= Escadrone =

Ukrainian non-profit group

Escadrone is a non-profit group organized in Ukraine in 2022 in order to manufacture FPV attack drones, a type of FPV loitering munition. The business goal was to design and build a large quantity of low-cost drones, aiming specifically to be able to carry anti-tank grenades to the target: tanks and other armored vehicles, as well as less-armored military vehicles.

Escadrone drones can be employed against moving targets, and by May 2023, Escadrone was producing 1000 Pegasus attack drones per month at a cost of under US$500 each.

== Background ==
During conflicts in the 2020s, armies modified common commercial racing drones into an FPV loitering munition by the attachment of an explosive payload. The drones are so named because of the First Person View (FPV) they provide the operator. FPV loitering munitions allow direct reconnaissance during the strike mission by the loitering munition.

Since the 2022 Russian invasion of Ukraine, approximately 30 companies in Ukraine have been mass-producing drones for the war effort. The Ukrainian government's Ministry of Digital Transformation is attempting to purchase up to 200,000 drones per year, aiming to deploy relatively cheap drones against large advantages Russia has had in military equipment. In 2023, they have also sponsored several competitions where the "dozens of drone developers that have sprung up all over Ukraine" are invited to make simulated attacks on ground targets, chase fixed-wing drones, or even participate in drone dogfight competitions.

== History ==
During the Russian invasion of Ukraine beginning in 2022, rapid technology development occurred to iterate on design features and support larger drone payloads. Escadrone Pegasus and the Vyriy Drone Molfar are two examples. As of May 2023, most of these drones require substantial pilot skill and are not as sophisticated in autonomous control as more standard drones such as Mavic quadcopters used for video-reconnaissance.

Escadrone is a non-profit group organized in Ukraine during 2022 in order to manufacture FPV attack drones, aiming specifically to be able to carry anti-tank grenades to the target—tanks and other armored vehicles, as well as less-armored military vehicles, and can be employed against moving targets. By May 2023, Escadrone was producing 1000 Pegasus attack drones per month at a cost of under US$500 each. "The name Escadrone is a portmanteau of ескадрон, Ukrainian for cavalry squadron, and 'drone.' "

== Description ==
Escadrone has built and fielded several different drones. The Escadrone Pegasus is an attack drone that can move to enemy positions several kilometers away from the drone operator, loiter for several minutes as it scouts for targets (although targets have often been previously sighted and identified by reconnaissance drones), carry a 1 kg warhead capable against personnel and light armor, and move at up to 45 mph. Mission duration is typically 3 to 13 minutes.

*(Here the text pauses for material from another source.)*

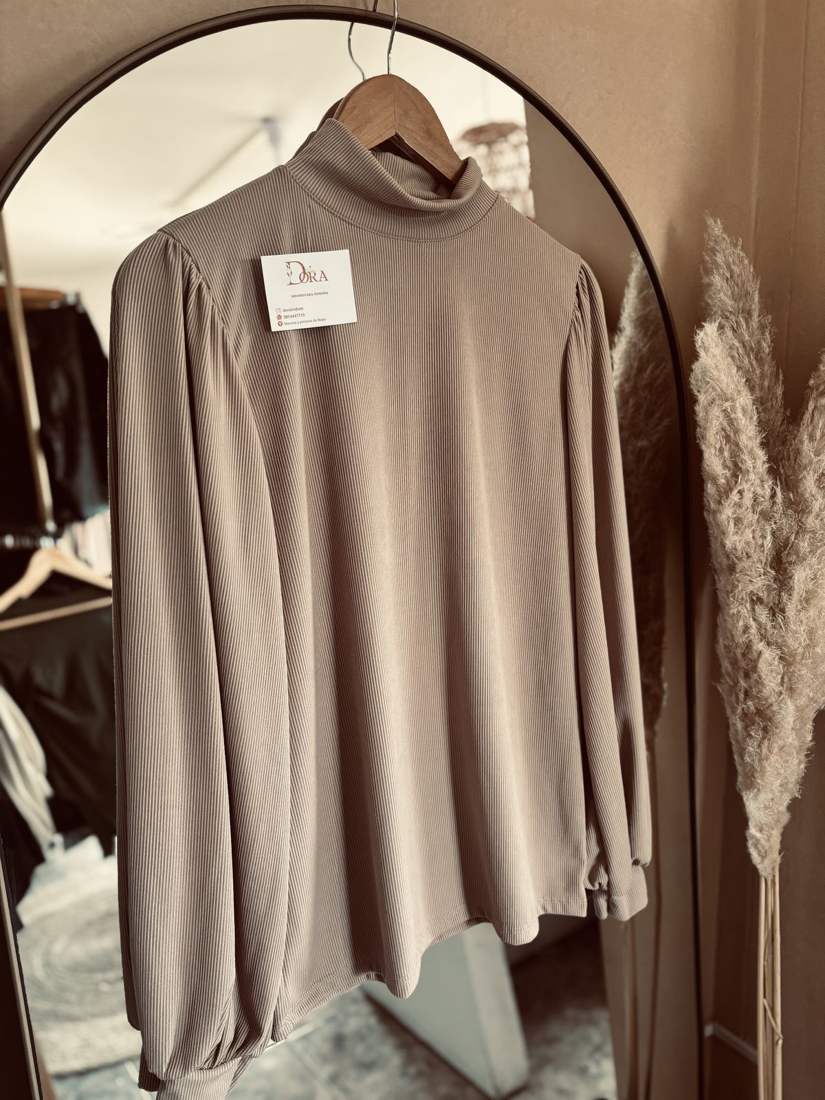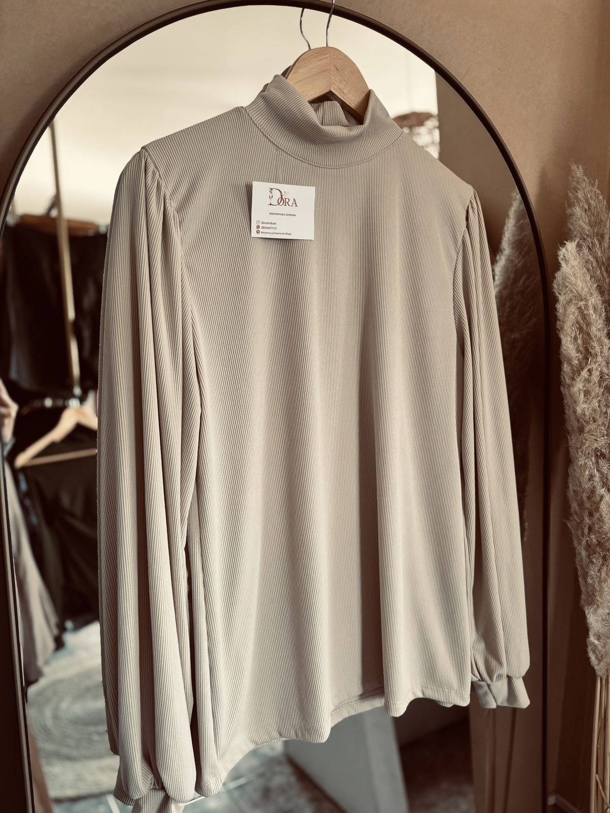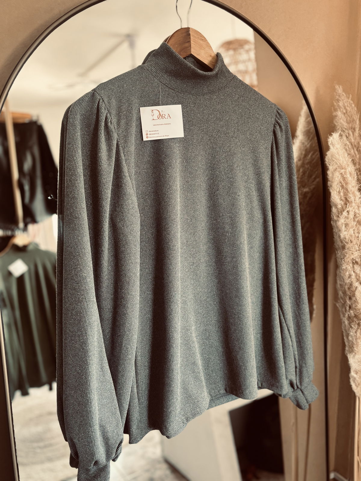 👚 Corte recto, cuello alto y mangas con leve frunce en los puños para un toque femenino.

A heavier-duty Escadrone model can carry a 2 kg PTAB 2.5 anti-tank bomb. While much less effective than the larger and more expensive Javelin weapon system, it is highly effective against a tank's weak spots. The Escadrone attack drone is maneuverable and has been shown to successfully attack less protected places in the tank.

The Escadrone PEGAS + carries a more powerful explosive payload and has greater range and is more robust to field conditions.